WORK INSTRUCTION
Nothing but the pictures gets dropped; retype every entry exactly.
(SOURCE INFORMATION Opens)
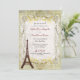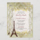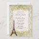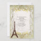 Beautiful and unique vintage inspired wedding invitation for a romantic marriage in Paris. Grunge effect vintage background with newsprint witha lace effect off-white border with pale grey images of flowers. Gold filligree baroque style swirls are at the top and bottom. The silhouette image of the world famous Parisian icon, the Eiffel Tower finishes off this elegant and unusual invite. Easily customisable so you can add your own details. Each invitation comes complete with an envelope. **IMPORTANT!
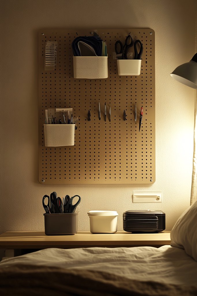 Desktop clutter driving you crazy? A vertical pegboard organizer keeps your supplies within arm’s reach while maintaining a tidy surface. It’s a simple, versatile solution for storing everything from stationery to tech accessories. Who knew organizing could be so satisfying?
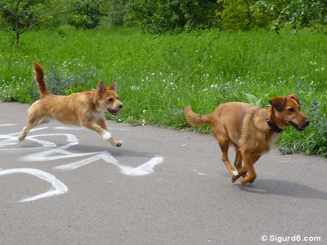 "Am 25. Mai 2011 kamen wir - Timmy und Anke - zu unserem Frauchen und Herrchen. Seitdem sind wir mit deren Erziehung vollauf beschäftigt. Es ist gar nicht so einfach ihnen die richtige Wurftechnik des Ballwerfens beizubringen und das ist noch die leichteste Übung.
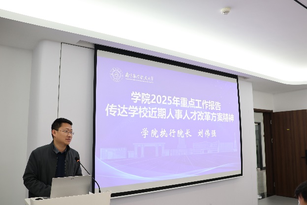 执行院长刘伟强作91探花 2025年重点工作报告,深入剖析了91探花 面临的形势与机遇、问题与挑战,围绕高质量党建引领、高水平学科建设、高水平师资队伍建设、创新人才培养体系构建、特色科研团队凝练、高层次国际合作交流等方面,系统谋划了全年重点工作。随后,刘伟强传达学校2025年人事人才工作交流研讨会精神,围绕职称评审改革、绩效薪酬分配改革、准长聘改革、管理队伍建设改革和人才引培制度改革五个方面,详细解读了人事人才重点改革举措。他强调,全体教职工要认真落实学校干部教师大会精神,紧扣全面深化改革主线,进一步统一思想、凝聚共识、汇集力量,为建设空天特色的一流91探花 努力奋斗。
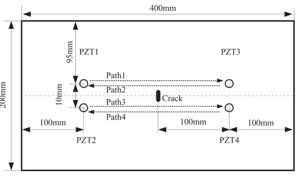 传感器配置方面,共布置四个PZT传感器于裂纹两侧,形成四条Lamb波传播路径。通过对称布局方式有效降低测量偏差,提高数据可靠性。
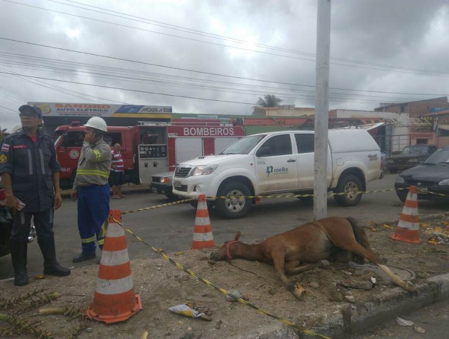 Uma descarga elétrica matou um cavalo, na sexta-feira (31/03), próximo ao Mercado do Produtor de Juazeiro (BA). Segundo o 9º Grupamento de Bombeiros Militares (GBM), o animal encostou num poste de iluminação pública e sofreu a descarga elétrica.
(SOURCE INFORMATION Closes)
RESPONSE TO THIS EXERCISE
 Beautiful and unique vintage inspired wedding invitation for a romantic marriage in Paris. Grunge effect vintage background with newsprint witha lace effect off-white border with pale grey images of flowers. Gold filligree baroque style swirls are at the top and bottom. The silhouette image of the world famous Parisian icon, the Eiffel Tower finishes off this elegant and unusual invite. Easily customisable so you can add your own details. Each invitation comes complete with an envelope. **IMPORTANT!
 Desktop clutter driving you crazy? A vertical pegboard organizer keeps your supplies within arm’s reach while maintaining a tidy surface. It’s a simple, versatile solution for storing everything from stationery to tech accessories. Who knew organizing could be so satisfying?
 "Am 25. Mai 2011 kamen wir - Timmy und Anke - zu unserem Frauchen und Herrchen. Seitdem sind wir mit deren Erziehung vollauf beschäftigt. Es ist gar nicht so einfach ihnen die richtige Wurftechnik des Ballwerfens beizubringen und das ist noch die leichteste Übung.
 执行院长刘伟强作91探花 2025年重点工作报告,深入剖析了91探花 面临的形势与机遇、问题与挑战,围绕高质量党建引领、高水平学科建设、高水平师资队伍建设、创新人才培养体系构建、特色科研团队凝练、高层次国际合作交流等方面,系统谋划了全年重点工作。随后,刘伟强传达学校2025年人事人才工作交流研讨会精神,围绕职称评审改革、绩效薪酬分配改革、准长聘改革、管理队伍建设改革和人才引培制度改革五个方面,详细解读了人事人才重点改革举措。他强调,全体教职工要认真落实学校干部教师大会精神,紧扣全面深化改革主线,进一步统一思想、凝聚共识、汇集力量,为建设空天特色的一流91探花 努力奋斗。
 传感器配置方面,共布置四个PZT传感器于裂纹两侧,形成四条Lamb波传播路径。通过对称布局方式有效降低测量偏差,提高数据可靠性。
 Uma descarga elétrica matou um cavalo, na sexta-feira (31/03), próximo ao Mercado do Produtor de Juazeiro (BA). Segundo o 9º Grupamento de Bombeiros Militares (GBM), o animal encostou num poste de iluminação pública e sofreu a descarga elétrica.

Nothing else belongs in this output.